When someone says they have cancer, or other well-known diseases and disorders, people kind of get the idea of what they have to go through. Maybe personally, maybe not, but generally they know what it is. I get looked at as though I had three heads if I start saying “abeta…”  My body is literally falling apart on me and no one gets it. A long day of being on my feet is exhausting and can result in crashing for two days. The joints and muscles of my back and legs hurt for days after enjoying a short hike or an 8-hour shift on my feet. My hands betray me daily – holding things can sometimes backfire and I drop them. Don’t ask me to balance on anything, unless you want to watch me fall over. I’ve mastered the fine art of tripping over air or those invisible cracks in the sidewalk. But nothing visibly is wrong with me. I don’t look sick. I don’t look broken. 
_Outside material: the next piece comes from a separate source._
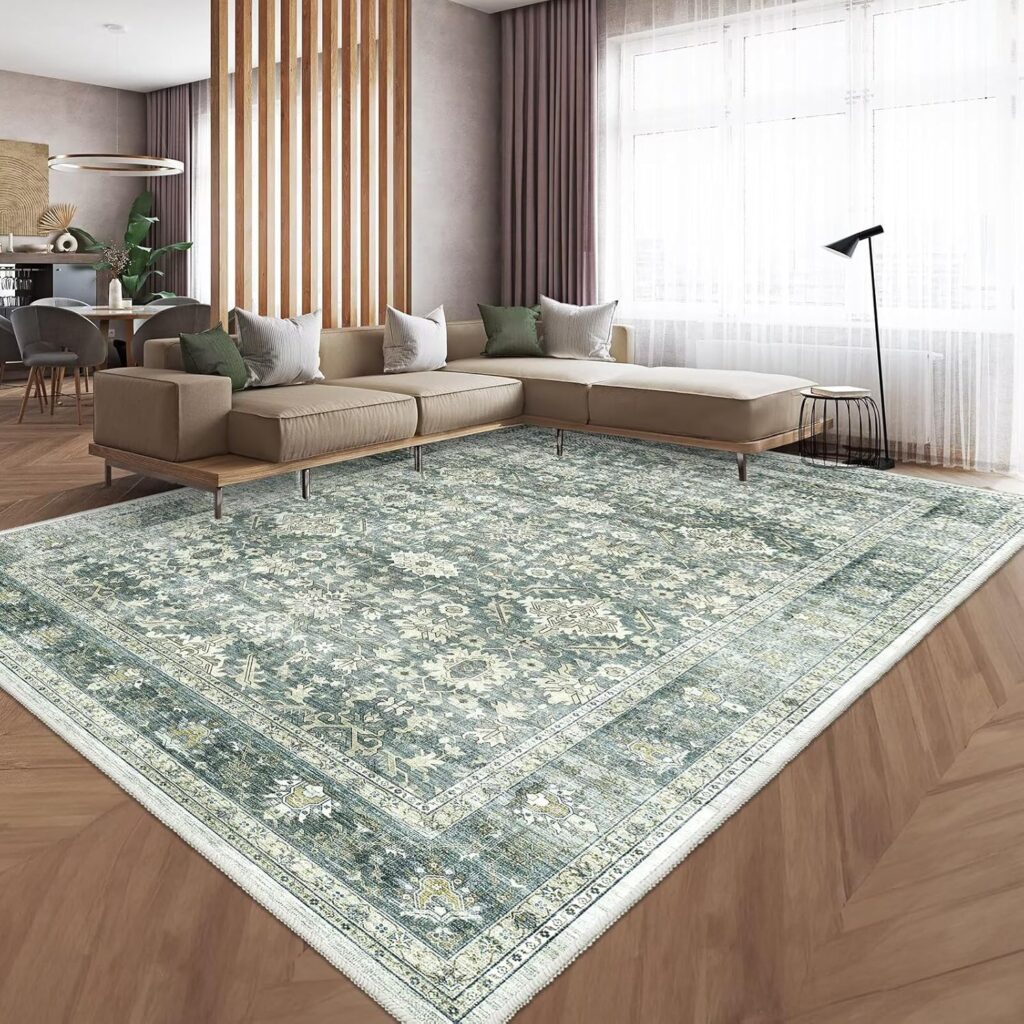 Sage Green Extra Large Area Rug 10×14 for Living Room, Distressed Floral Print Washable Rug for Dining Room Bedroom, Anti-Slip Low-Pile and Soft Accent Rug Farmhouse Office Home Decor Light Green

But I am. And heaven forbid I eat anything with fat in it, like ice cream or cheese. It will set me back days. The side effects of that one are easy to see – I’m running to the bathroom every hour or two. And as a result of me ever eating pizza and ice cream, I have liver damage. So now, I can’t have any fats.  Trying to explain that to people when we go out to eat is exhausting. Explaining that even a little fat is detrimental to me earns me funny looks and heavy sighs. I just want to be normal, too. 

I want to pick things up and not risk dropping them. I want to enjoy pizza and ice cream without the cramps and bathroom trips. I want to be believed when I say I am in pain and this is why. I’m exhausted when I explain what ABL is, and others respond, “that’s not real, you’re just making it up.” I really don’t want to resort to bringing a medical text book with me!

There are many issues surrounding orphan diseases – a lack of funding, a lack of public awareness, and a lack of knowledgable doctors. We don’t need others disbelieving us well. We just want to be normal. I just want to be believed when I say I hurt.